For me, it was a combination of expectations created by the marketing AND the exceptions that nearly every other "part one" of a franchise set prior. Each of these first franchise movies featured "traditional," relatively large-scale, third act climaxes...
- Batman Begins
- The Fellowship of the Ring
- The Hunger Games
- The Matrix
- Pirates of the Carribbean
- Raiders of the Lost Ark
- Rise of the Planet of the Apes
- Spider-Man (2002)
- Star Trek (2009)
- Star Wars: A New Hope
... plus a many, many more, i.e. almost every relevant first franchise movie in existence. And whether those were planned franchised from the jump is irrelevant to the average movie goer. Because I'm talking about the expectations of the average movie goer who isn't aware of what was planned as a franchise from the beginning or not, what franchise movies shot back-to-back, all at once, etc.
Again, I'm not saying what Villeneuve chose to do in this instance was bad or wrong. He made the right decision, considering the story he had to work with. I'm not critiquing the movie itself, or even the third act. I was merely pushing back on these two sentences from an earlier post of yours...
Quote:
I would just say that I think anyone writing that it ended prematurely is wrong. I'm sure they have their reasons for thinking that, but they lack knowledge.

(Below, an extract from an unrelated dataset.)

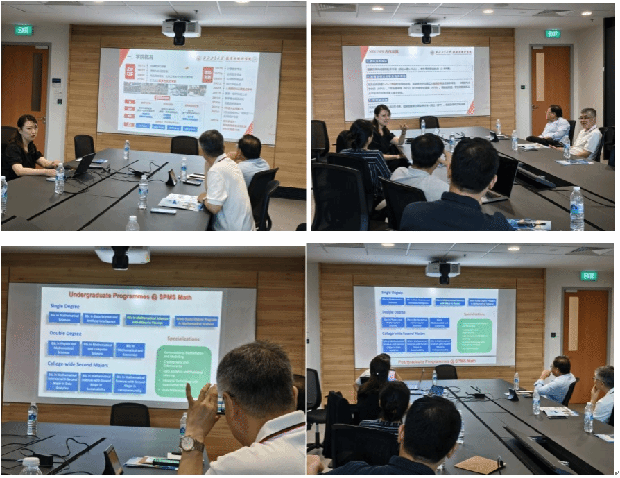 3月27日上午,体彩超级大乐透 代表团前往新加坡南洋理工大学进行合作洽谈。新加坡南洋理工大学王立联,童平,夏克林,Xiang Liming四位教授热情接待。3月27日下午交流会上,体彩超级大乐透 副院长都琳教授详细介绍了体彩超级大乐透概况 、科学研究、国际合作等基本情况,并从科研环境、个人后续发展、薪酬、科研配套设施等多个角度对体彩超级大乐透 以及体彩超级大乐透 的人才引聘政策进行了深入解读。新加坡南洋理工大学数学科学系的专家学者对超级大乐透-官方网站(中国)官方系统 的学术水平和引才政策给予了高度赞赏,并表达了加强合作的愿望。新加坡南洋理工大学童平副教授详细介绍了本硕博各项目的培养方案和实施举措,引发了热烈讨论。双方围绕人才培养、科研合作、学术交流、国际暑期夏令营项目等合作开展了深入洽谈,就本科生短访、赴外毕设、研究生联培和暑期项目初步达成了合作意向。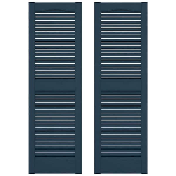 12 in. x 67 in. Louvered Vinyl Exterior Shutters Pair in Classic Blue

My point is that people expecting a traditional third act aren't "wrong," even if this is part one of a bigger story, if only due to a long precedent of traditional third acts in franchise firsts. In other words, it's perfectly valid for anyone going into this to be somewhat let down by a brief knife fight in a canyon, witnessed by only a dozen characters or so, as the third act climax to a movie that, up until that point, featured some of the biggest sets, scale, scope, and action of any blockbuster we've ever seen.